Related Work & Insights¶
- vs REPA / REED: These use external models like DINOv2 or VLMs for guidance, providing strong signals but depending on external models. LayerSync uses internal deep representations, sacrificing some external semantic upper bounds for zero-extra-teacher, cross-domain usability, and lower overhead.
- vs Dispersive Loss: Also a self-contained, zero-extra-forward method, but it acts more like spreading representations in feature space, losing directional signal. LayerSync explicitly pulls weak layers toward strong semantic layers, making the target more directional and stronger across ImageNet scales.
- vs EMA / SRA-type self-alignment: EMA teachers avoid target drift but require model replicas or extra forwards, increasing training costs. LayerSync uses the same model's deep output via stop-gradient, retaining directional self-guidance while saving EMA overhead.
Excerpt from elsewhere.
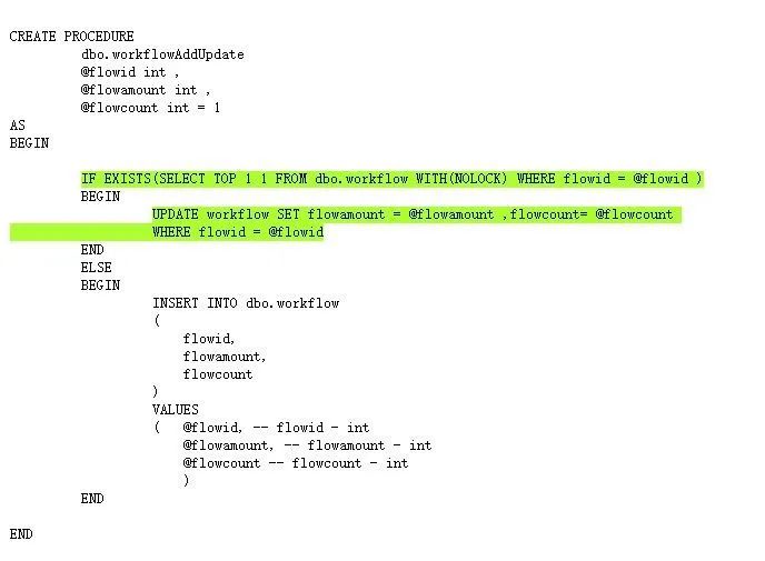 CREATE TABLE [dbo].[workflow]( [flowid] [INT] NULL, [flowamount] [INT] NULL, [flowcount] [INT] NULL) ON [PRIMARY]GOWITH L0AS (SELECT * FROM ( VALUES (1), (2), (3) ) AS T (C) ), L1AS (SELECT a.C, b.C AS BC FROM L0 AS a CROSS JOIN L0 AS b), L2AS (SELECT a.C, b.C AS BC FROM L1 AS a CROSS JOIN L1 AS b), L3AS (SELECT a.C, b.C AS BC FROM L2 AS a CROSS JOIN L2 AS b), L4AS (SELECT a.C, b.C AS BC FROM L3 AS a CROSS JOIN L3 AS b), L5AS (SELECT a.C, b.C AS BC FROM L4 AS a CROSS JOIN L4 AS b)INSERT INTO dbo.workflow( flowid, flowamount, flowcount)SELECT TOP 50000 RNK, RNK * 10, RNK + 20FROM(SELECT ROW_NUMBER() OVER (ORDER BY (SELECT NULL)) AS RNK FROM L5) M;GO CREATE PROCEDURE dbo.workflowAddUpdate @flowid int , @flowamount int , @flowcount int = 1 AS BEGIN IF EXISTS(SELECT TOP 1 1 FROM dbo.workflow WITH(NOLOCK) WHERE flowid = @flowid ) BEGIN UPDATE workflow SET flowamount = @flowamount ,flowcount= @flowcount WHERE flowid = @flowid END ELSE BEGIN INSERT INTO dbo.workflow ( flowid, flowamount, flowcount ) VALUES ( @flowid, -- flowid - int @flowamount, -- flowamount - int @flowcount -- flowcount - int ) END END GO

- Insights for other tasks: Many large models exhibit functional layer division and non-uniform quality. LayerSync's logic can transfer to multi-modal generation, video, speech, or even LLM intermediate layer training: instead of searching for external teachers, first ask if the model has reusable strong layers internally.
Rating¶
- Novelty: ⭐⭐⭐⭐☆ Converting mid-layer self-alignment into a parameter-free regularization for generative models is a simple yet effective solution to external teacher pain points.
- Experimental Thoroughness: ⭐⭐⭐⭐⭐ Covers image main results, cross-modal transfer, representation analysis, layer selection, \(\lambda\), LR alternatives, and combinations with external guidance.
- Writing Quality: ⭐⭐⭐⭐☆ Clear main narrative with solid formulas and organization; many tables in the appendix require the reader to bridge the layer selection logic to main conclusions.
- Value: ⭐⭐⭐⭐⭐ Highly practical for large-scale generative model training, especially when external teachers are missing or the cost is prohibitive.